Authors: Richard Ballard
The final snapshot in the little boy's memory of his evacuation from the London blitz was of his mother rummaging in her handbag for the wherewithal to pay the driver, who thanked her, touching the peak of his cap in a salute to her before pocketing the money. Alex watched as he went forward on the wrong side of the road before turning round in a side street and roaring off home as fast as he could before the blackout could make unaccustomed rural travel really difficult.
Hearing the taxi stop outside, Joyce Patterson opened the door and greeted her friend warmly. The two women were in total contrast to each other in looks. Joyce was tall with greying, wavy hair, a clear complexion and a neat dress for the afternoon. Edna appeared crumpled and defeated, with her face powdered and her lipstick wearing thin after nervous movements of her mouth all the way in the taxi. She evaded the embarrassing embrace as soon as she could and, picking up Alex to be kissed in turn, followed Joyce who was carrying their luggage into the house. Edna put Alex down as they stood in the hall.

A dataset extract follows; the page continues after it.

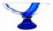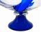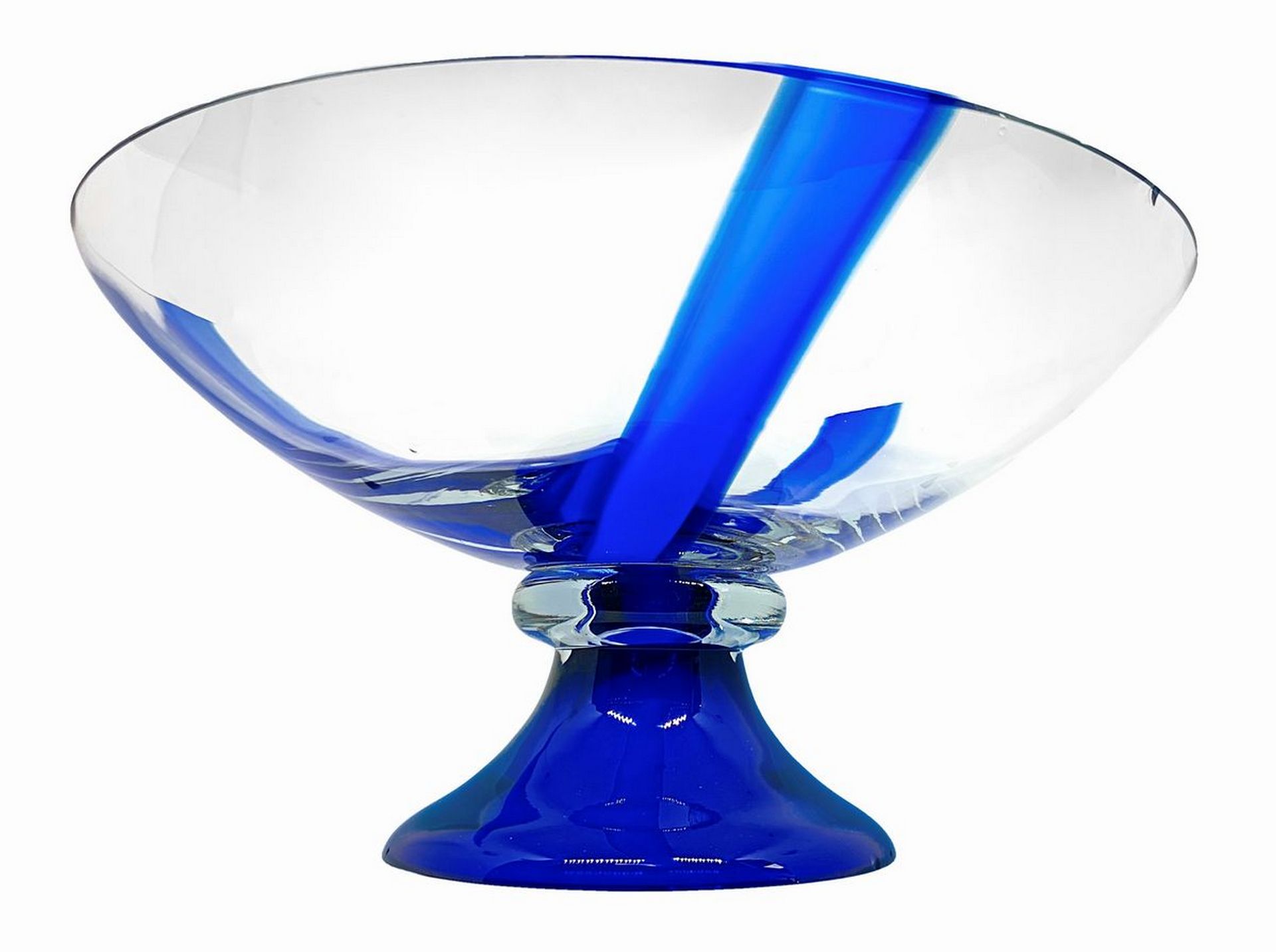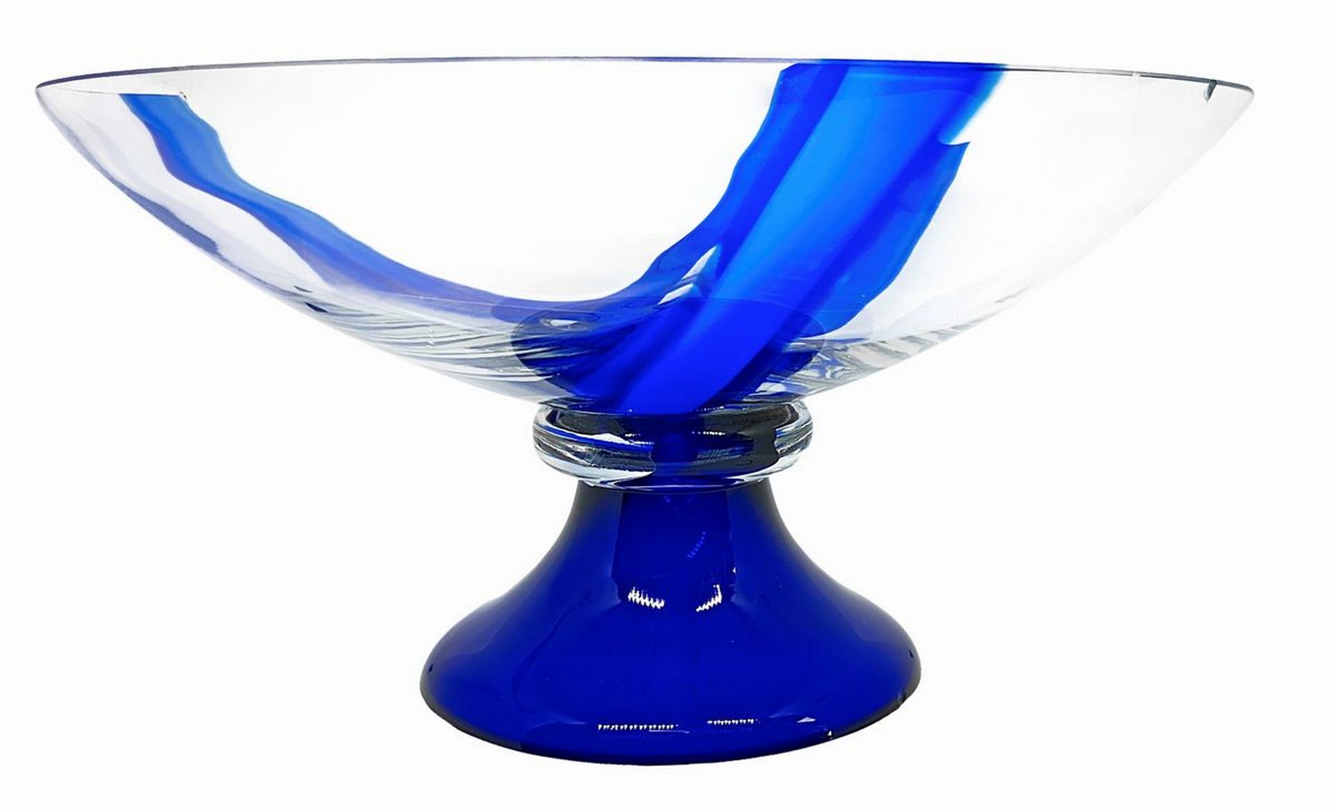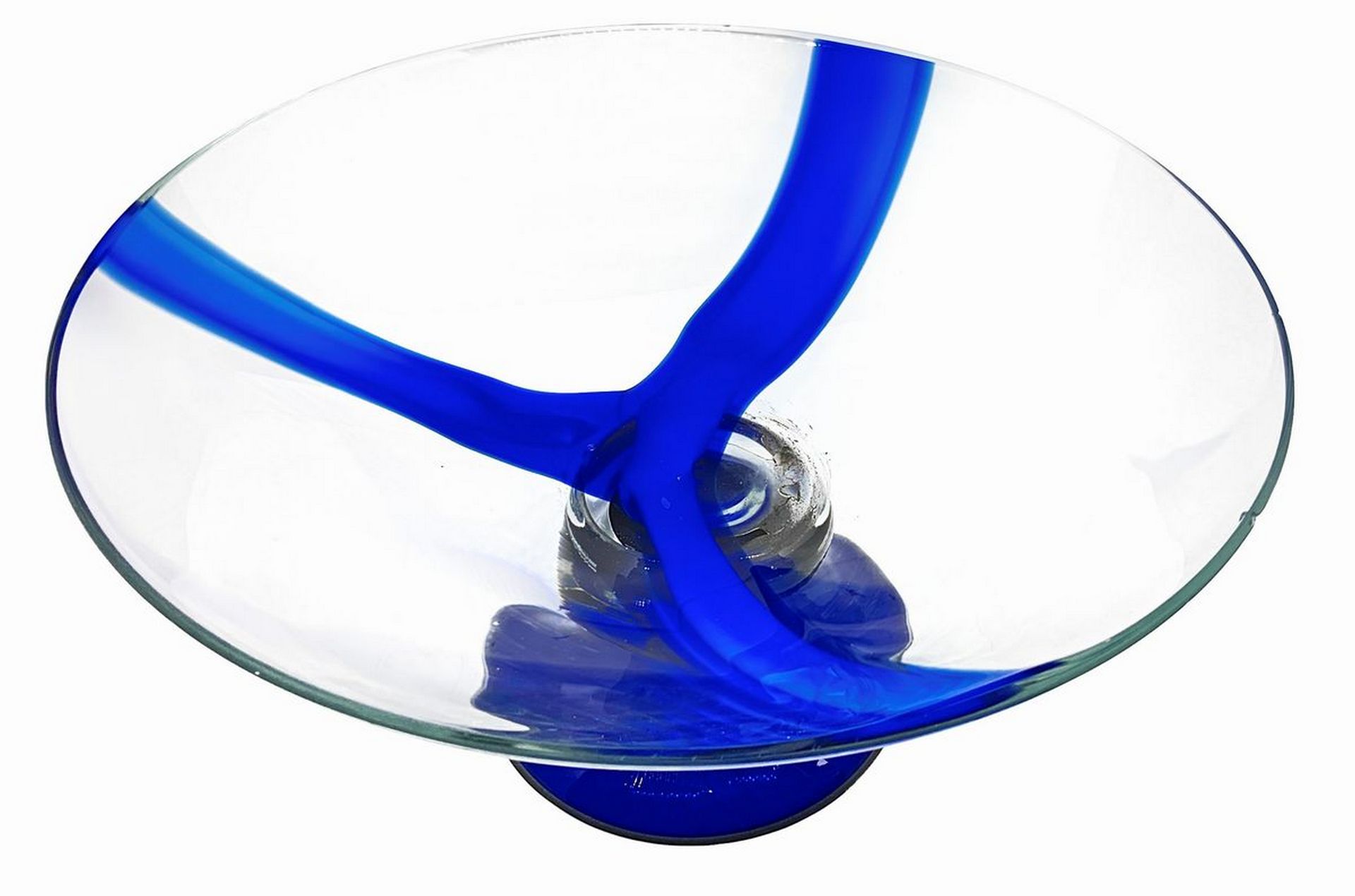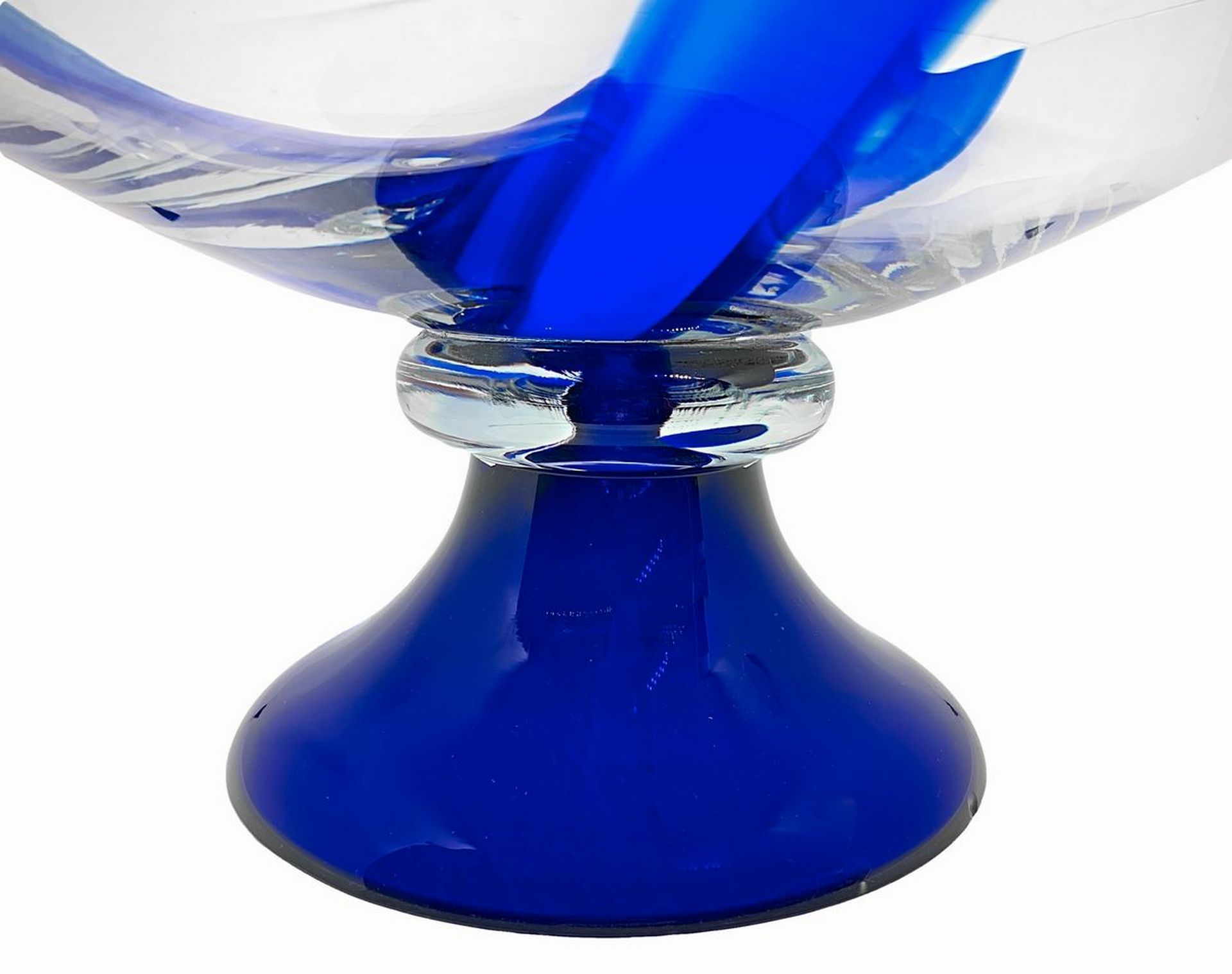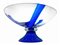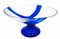 Grande alzata in vetro con base blu e coppa trasparente con inclusione di fasce blu.

“Here is the reason we are imposing ourselves on you for a week or so until he's better,” she said in a rather mournful voice.
“He does look as though he's been in the wars, doesn't he?” remarked Joyce, looking down at the child's swollen, discoloured chin with its large plaster covering the wound.
“Well, we all have had six whole nights in a row in the shelter â and that followed a fortnight of having to go down to it in the middle of the night when those terrible air-raid sirens began their wailing sound. They were enough to wake the dead, let alone the sleeping,” Joyce laughed.
“George set up a place under the stairs for us,” Edna went on, “for when he was on nights at the store, but luckily he was on days this week so he was able to carry Alex down the garden while he was still asleep.”
“What you need is a real rest then, Edna, by the sound of it. Come on; don't stand about in the hallway. You take your hat and coat off and go upstairs. The room you are in is the first on the right upstairs. There's a double bed and a single for this little chap. Leave the push-chair there by the hall stand, and go and put your case away while I make the tea. I've already put the kettle on; it's just about to boil so it'll be ready in a second.”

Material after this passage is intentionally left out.